▶ What you are asked to do
Word for word, return the lines below from the first through the line that has "Cependant, jâavais dĂ©jĂ", dropping the pictures.

▶ Material for the task
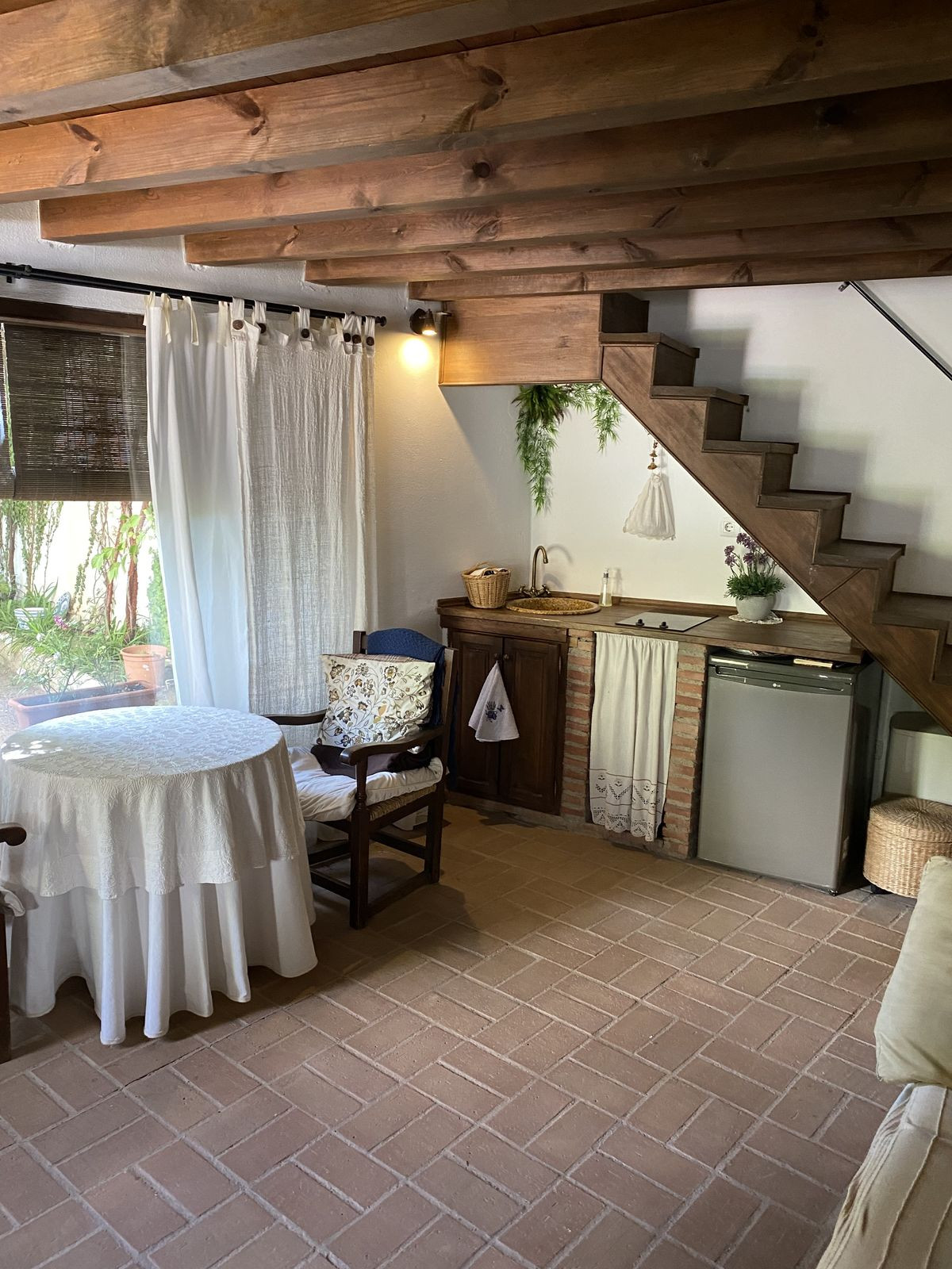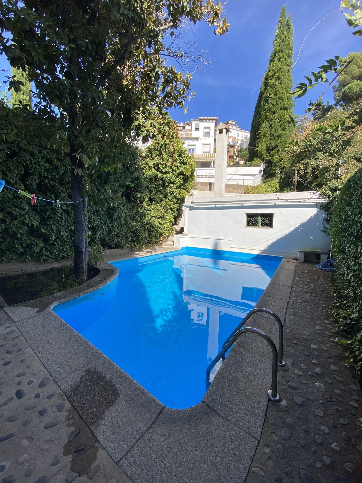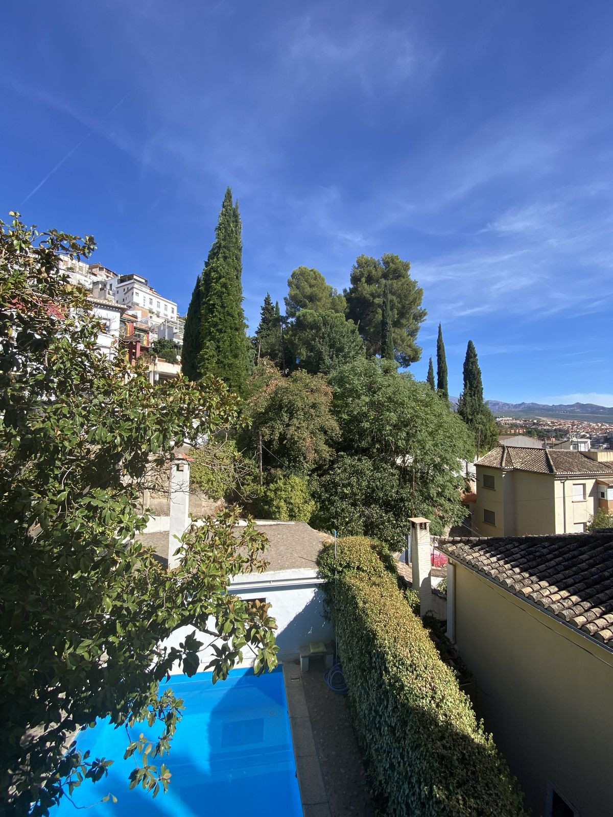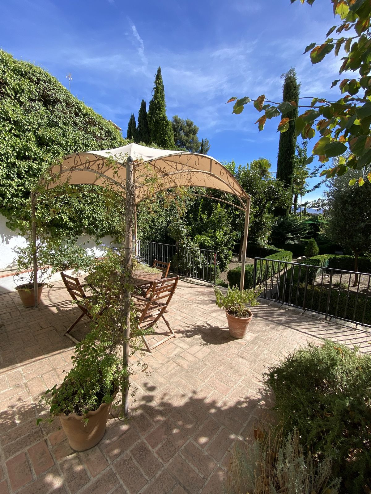 This carmen granadino has a main house with 3 bedrooms and 2 bathrooms, as well as an independent guest apartment with a living room, a bedroom and a bathroom.
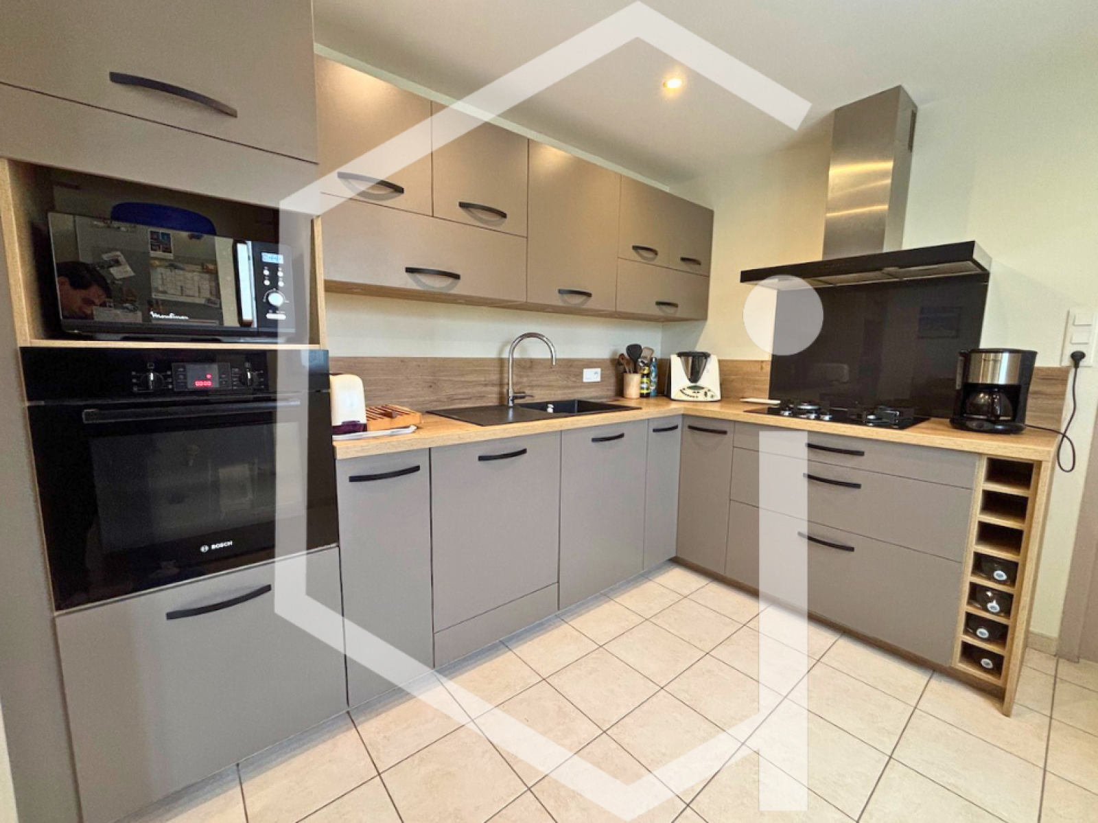 Elle se compose d’un spacieux salon cooconing, un séjour lumineux donnant sur une terrasse permetant de profiter pleinement des beaux jours, d’une cuisine fonctionnelle et moderne, d’un cellier, de quatre chambres, d’une salle de bains et de WC indépendants.
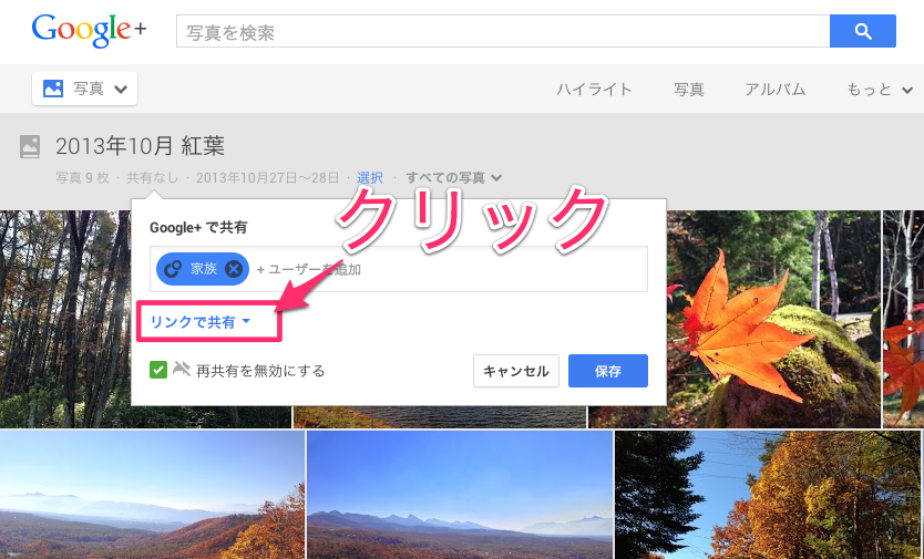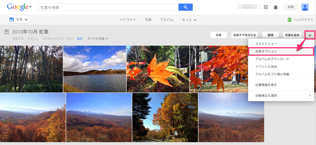Google+ ウェブページ から「写真」⇒「アルバム」と選択し、共有したいアルバムをクリックします。
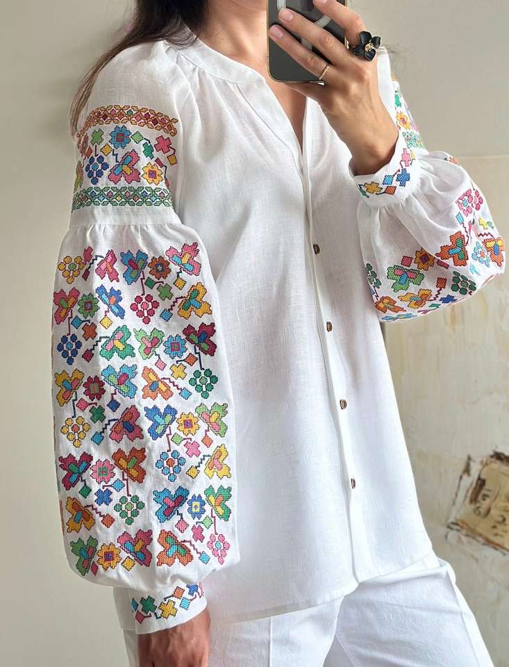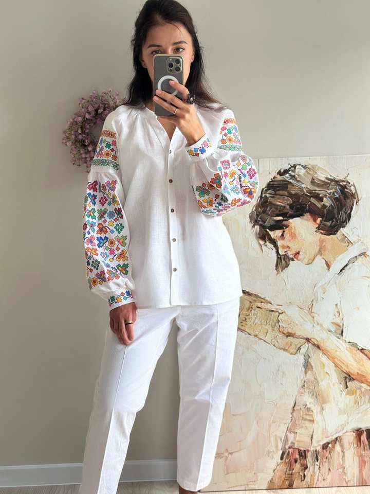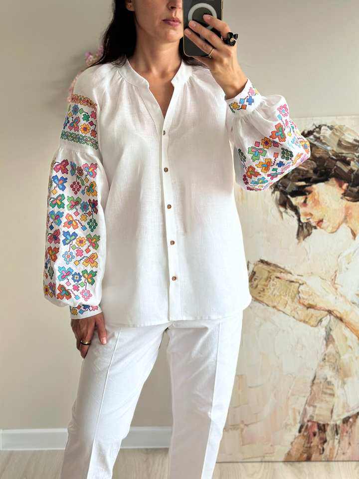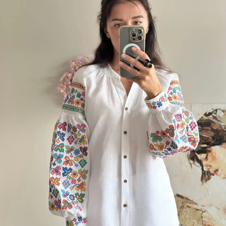 เสื้อเบลาส์งานทำมือสไตล์โบฮีเมียนปักลายดอกไม้ผ้าลินินแท้เสื้อเน้นเอวธรรมชาติ
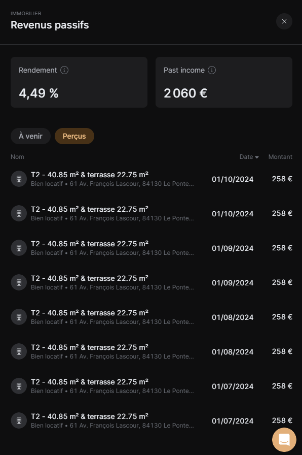 Cependant, jâavais dĂ©jĂ ajoutĂ© le bien sur la plateforme et celle-ci mâaffiche des dividendes que jâai dĂ©jĂ perçu alors que ce nâest pas le cas. Ai-je un moyen de les faire disparaĂźtre ? Ou sinon, pouvez-vous me confirmer que cela ne change en rien une quelconque performance ?
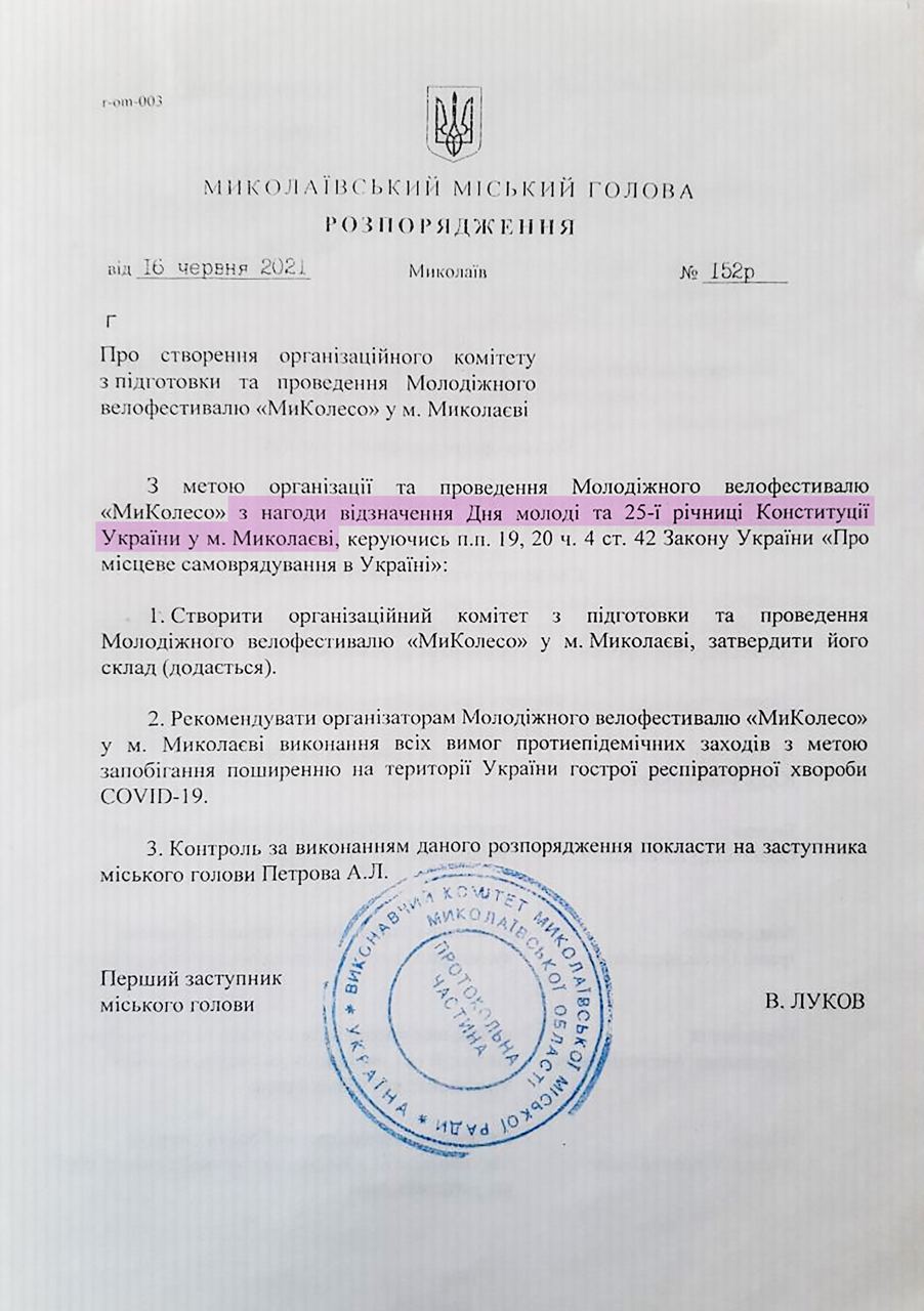 Более того, согласно распоряжению, подписанного 16 июня вице-мэром Виталием Луковым, который в тот момент исполнял обязанности городского головы, фестиваль «МыКолесо» проводили по случаю Дня молодежи и 25-летию Конституции, а не к юбилею Независимости.
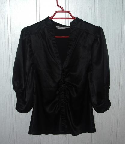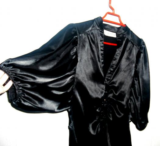 Šilkinė palaidinė pūstomis rankovėmis.Fotografuota ant M dydį nešiojančios merginos. Parasyta, kad dydis S. Apimtis per krūtinę 29cm. Rankovės ilgis 26cm.
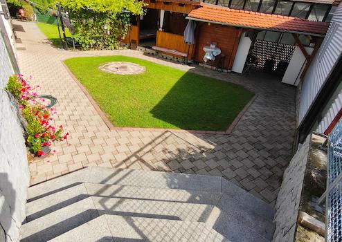 * Doppelgarage und großer, gepflasterter Hof mit viel Stellfläche
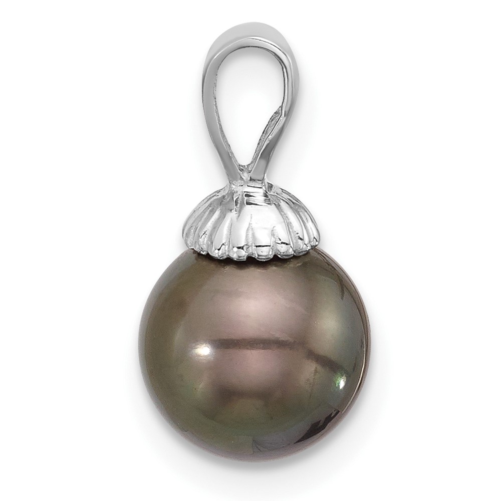 14K White Gold 8-9mm Round Black Tahitian Saltwater Cultured Pearl Pendant
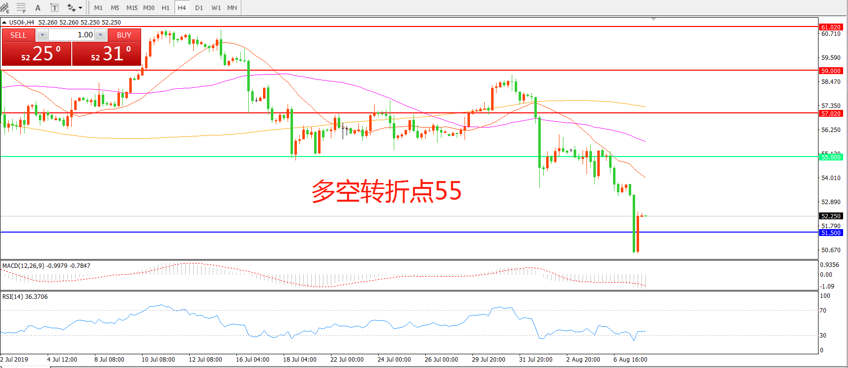 交易策略:在55.00之下看跌,目标51.50  49.50
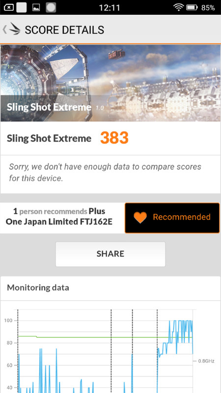 上位勢は2500前後から3000超え(最上位のNvidia Shieldは4000に迫るスコアだが据え置き機なので、ここでは除外)に対し、RAIJINのスコアは383でかなり低めです。ベンチマーク中もPC Markの時とは異なり動作が重く、コマ送りに近い状態で動作していました。
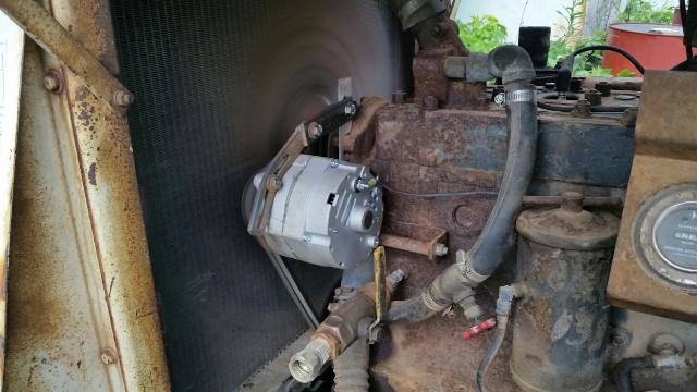 Changed out starter to M42 late Delco starter with solonoid so have a key switch start now . Also changed out generator and now using 1OSI automotive alternator single wire hookup by changing front pulley that I machined to take a B width belt . One problem that shows up is sloppy shift lever when the internal parts on lever wear . it's a easy fix by replacing the side bolts in tower and the cross pin along with the round tube the pin and bolts fit into . |

▶ Problem solution
 This carmen granadino has a main house with 3 bedrooms and 2 bathrooms, as well as an independent guest apartment with a living room, a bedroom and a bathroom.
 Elle se compose d’un spacieux salon cooconing, un séjour lumineux donnant sur une terrasse permetant de profiter pleinement des beaux jours, d’une cuisine fonctionnelle et moderne, d’un cellier, de quatre chambres, d’une salle de bains et de WC indépendants.
Google+ ウェブページ から「写真」⇒「アルバム」と選択し、共有したいアルバムをクリックします。
 เสื้อเบลาส์งานทำมือสไตล์โบฮีเมียนปักลายดอกไม้ผ้าลินินแท้เสื้อเน้นเอวธรรมชาติ
 Cependant, jâavais dĂ©jĂ ajoutĂ© le bien sur la plateforme et celle-ci mâaffiche des dividendes que jâai dĂ©jĂ perçu alors que ce nâest pas le cas. Ai-je un moyen de les faire disparaĂźtre ? Ou sinon, pouvez-vous me confirmer que cela ne change en rien une quelconque performance ?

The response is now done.